Dans l’habitacle, un deuxième écran viendra s’ajouter en saillie au-dessus de celui de série, et sera réservé à l’affichage des paramètres de pilotage automatique.
Un élément attire toutefois l’attention : l’utilisation d’un GPS et d’une logiciel de cartographie présenté comme de « haute définition » par Hyundai et sur lequel la Ioniq s’appuiera pour connaître l’inclinaison et la largeur de la route, entre autres données.
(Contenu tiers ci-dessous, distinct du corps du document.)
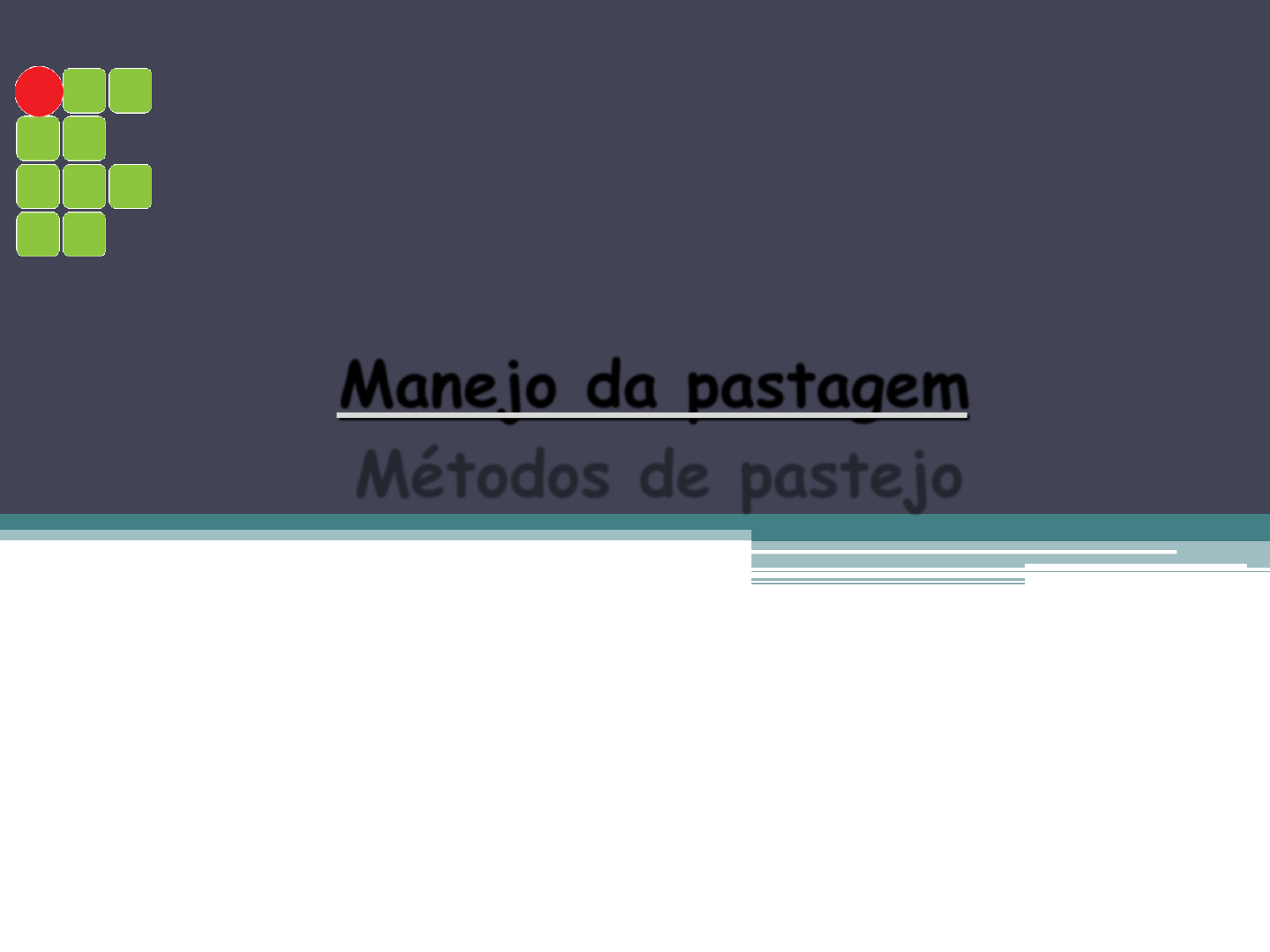 Manejo da pastagem José Antonio A. Cutrim Junior Profº Departamento de Ensino cutrimjunior@ifma.edu.br São Luis – Maranhão Métodos de pastejo Instituto Federal do Maranhão Campus São Luis-Maracanã Curso: Agronomia Disciplina: Forragicultura e Pastagem Aula 08 – Morfofisiologia de plantas forrageiras • Quantidade x qualidade da forragem • Métodos de pastejo – Sistema de pastejo • Consumo pelo animal em pastejo • Suplementação animal a pasto • Pressão de pastejo e ajuste da taxa de lotação • Ganho por animal x ganho por área • Equilíbrio entre demanda e suprimento de alimentos 1. Aspectos importantes do manejo de pastagem Métodos de pastejoAula 11 – Manejo da pastagem Aula 08 – Morfofisiologia de plantas forrageiras Sistema de Pastejo Métodos de pastejoAula 11 – Manejo da pastagem Aula 08 – Morfofisiologia de plantas forrageiras Sistema de Pastejo Métodos de pastejoAula 11 – Manejo da pastagem Aula 08 – Morfofisiologia de plantas forrageiras Sistema de Pastejo Métodos de pastejoAula 11 – Manejo da pastagem Aula 08 – Morfofisiologia de plantas forrageiras Sistema de Pastejo Métodos de pastejoAula 11 – Manejo da pastagem Os recursos físicos definem a potencial produtivo dos recursos vegetais, os quais apontam as melhores alternativas para exploração dos recursos animais Proporcionar associação estável entre a base física e planta, para posteriormente considerar o animal Sistema de Pastejo Métodos de pastejoAula 11 – Manejo da pastagem Sistema de Pastejo Métodos de pastejoAula 11 – Manejo da pastagem Sistema de Pastejo Métodos de pastejoAula 11 – Manejo da pastagem Sistema de Pastejo Métodos de pastejoAula 11 – Manejo da pastagem Sistema de Pastejo Métodos de pastejoAula 11 – Manejo da pastagem Aula 08 – Morfofisiologia de plantas forrageiras • Lotação contínua • Lotação rotativa ▫ Convencional ▫ Alternada ▫ Pastejo em faixas ▫ Creep grazing ▫ Primeiro-último ▫ Pastejo diferido • Pastoreio rotatínuo 2. Métodos de pastejo Métodos de pastejoAula 11 – Manejo da pastagem • Definição ▫ O rebanho tem acesso à toda área da pastagem durante toda estação de crescimento Métodos de pastejoAula 11 – Manejo da pastagem Lotação contínua 2. Métodos de pastejo Métodos de pastejoAula 11 – Manejo da pastagem 2.1 Lotação contínua • Vantagens ▫ Menor investimento em infra-estrutura ▫ Menor requerimento de mão-de-obra para o manejo ▫ Maior capacidade de “auto-correção” do ecossistema Aceita mais erros • Desvantagens ▫ Menor produção de forragem ▫ Menor taxa de lotação ▫ Menor produção/área 2. Métodos de pastejo Métodos de pastejoAula 11 – Manejo da pastagem 2.1 Lotação contínua 2. Métodos de pastejo Métodos de pastejoAula 11 – Manejo da pastagem 2.1 Lotação contínua 2. Métodos de pastejo Métodos de pastejoAula 11 – Manejo da pastagem 2.1 Lotação contínua Ausência total de controle da estrutura do pasto, uma vez que não se ajusta a relação suprimento : demanda 2. Métodos de pastejo Métodos de pastejoAula 11 – Manejo da pastagem 2.1 Lotação contínua 2. Métodos de pastejo Métodos de pastejoAula 11 – Manejo da pastagem 2.1 Lotação contínua 2. Métodos de pastejo Métodos de pastejoAula 11 – Manejo da pastagem 2.1 Lotação contínua → Intensidade de desfolhação é função da meta de altura (ou Massa de forragem) previamente definida → Frequência de desfolhação não é controlada diretamente pelo manejador, uma vez que é função da taxa de lotação utilizada 2. Métodos de pastejo Métodos de pastejoAula 11 – Manejo da pastagem 2.1 Lotação contínua 2. Métodos de pastejo Métodos de pastejoAula 11 – Manejo da pastagem 2.1 Lotação contínua Necessidade de monitoramento frequente da condição do pasto Possibilidade de erro em grande parte da área de pastagem, uma vez que o número de pastos é reduzido Uso de aguadas naturais e reduzido investimento em cercas e carreadores relativamente a modalidades de lotação rotacionada Menor exigência em mão-de-obra para condução do rebanho 2. Métodos de pastejo Métodos de pastejoAula 11 – Manejo da pastagem 2.1 Lotação contínua 2. Métodos de pastejo Métodos de pastejoAula 11 – Manejo da pastagem 2.1 Lotação contínua 2. Métodos de pastejo Métodos de pastejoAula 11 – Manejo da pastagem 2.1 Lotação contínua • Creep grazing Métodos de pastejoAula 11 – Manejo da pastagem 3. Lotação rotativa Modalidade de lotação contínua • Creep grazing Métodos de pastejoAula 11 – Manejo da pastagem 3. Lotação rotativa Modalidade de lotação contínua • Definição ▫ O rebanho tem acesso a uma subdivisão da pastagem a cada momento, havendo momentos de pastejo e de descanso para cada uma das subdivisões • Vantagens ▫ Uniformidade de pastejo 2. Métodos de pastejo Métodos de pastejoAula 11 – Manejo da pastagem 2.2 Lotação rotativa Ilustração: Ribeiro (http://www.capritec.com.br/pdf/Pastagensparacaprinos.pdf) • Vantagens ▫ > taxa de crescimento do pasto (kg MS/ha x dia); ▫ > capacidade de suporte do pasto; ▫ > rendimento (produtividade) de produto animal/área com maior taxa de lotação 2. Métodos de pastejo Métodos de pastejoAula 11 – Manejo da pastagem 2.2 Lotação rotativa Método de pastejo Tx. Lotação Produção Produtividade vacas/ha kg leite/vaca x d kg leite/ha x d Lot. Contínua 5 10 50 Lot. Rotativa 5 11 55 Lot. Rotativa 6 10 60 Lot. Rotativa 7 7 49 Fonte: simulação Cândido, 2011 • Vantagens ▫ Melhor acompanhamento da condição da pastagem e do animal (mais fácil de enxergar possíveis erros); ▫ Distribuição mais uniforme dos excrementos; ▫ Permite pastejo com mais de um grupo de animais; ▫ Permite uma colheita do excesso de forragem com melhor qualidade para conservação 2. Métodos de pastejo Métodos de pastejoAula 11 – Manejo da pastagem 2.2 Lotação rotativa 2. Método

Si les tests de l’autopilot dans les rues de Las Vegas ont été annoncés réussis, on peut toutefois se demander si le risque d’inexactitude des donnés de cette carte peuvent fausser le système.
On n’attend qu’à voir.
Sans entrer dans les détails, le constructeur assure que son pilote automatique est capable de détecter de nombreux éléments comme les panneaux stop, les feux de circulation, les travaux, routes barrées et ralentisseurs.
Le véhicule réagirait en conséquence aux dangers comme la présence d’enfants et animaux ainsi qu’aux intersections sans signalisation.
Deux simulateurs présents sur le stand Hyundai du salon de Genève 2017 ont permis d’avoir un aperçu de la technologie en réalité virtuelle.
Hyundai n’annonce cependant aucune date de commercialisation ni de tarif de l’option.